* [What to produce]: The records below hold a stretch from the line with "imagebaleaf Womens Quarter" through the line with "前言: 本案为意式风格的精装"; return exactly those lines, ends included, and nothing more.

* [Data to use]:
● ● ● ● ●
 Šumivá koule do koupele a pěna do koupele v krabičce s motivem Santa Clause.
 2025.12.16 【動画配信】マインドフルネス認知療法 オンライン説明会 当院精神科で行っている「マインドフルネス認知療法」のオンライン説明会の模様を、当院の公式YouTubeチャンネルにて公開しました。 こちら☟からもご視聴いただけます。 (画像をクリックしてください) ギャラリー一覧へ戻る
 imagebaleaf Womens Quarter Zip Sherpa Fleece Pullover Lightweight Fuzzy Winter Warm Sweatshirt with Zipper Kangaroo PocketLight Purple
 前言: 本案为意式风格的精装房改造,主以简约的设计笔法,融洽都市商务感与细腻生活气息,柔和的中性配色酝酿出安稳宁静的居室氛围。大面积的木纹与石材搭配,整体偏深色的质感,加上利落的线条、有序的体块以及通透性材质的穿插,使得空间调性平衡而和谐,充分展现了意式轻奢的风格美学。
● ● ● ● ●
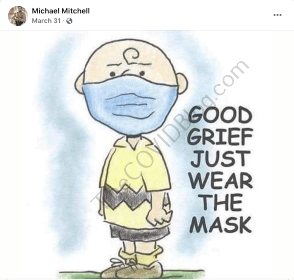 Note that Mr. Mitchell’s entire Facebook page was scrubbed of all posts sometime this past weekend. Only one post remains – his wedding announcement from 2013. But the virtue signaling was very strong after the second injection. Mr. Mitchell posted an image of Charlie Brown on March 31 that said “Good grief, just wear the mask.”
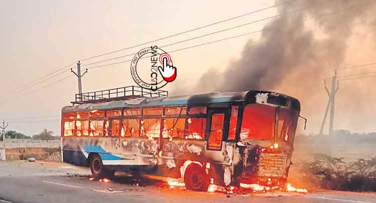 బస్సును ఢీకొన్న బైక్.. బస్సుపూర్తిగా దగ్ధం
● ● ● ● ●
* [Answer below]:
 imagebaleaf Womens Quarter Zip Sherpa Fleece Pullover Lightweight Fuzzy Winter Warm Sweatshirt with Zipper Kangaroo PocketLight Purple
 前言: 本案为意式风格的精装房改造,主以简约的设计笔法,融洽都市商务感与细腻生活气息,柔和的中性配色酝酿出安稳宁静的居室氛围。大面积的木纹与石材搭配,整体偏深色的质感,加上利落的线条、有序的体块以及通透性材质的穿插,使得空间调性平衡而和谐,充分展现了意式轻奢的风格美学。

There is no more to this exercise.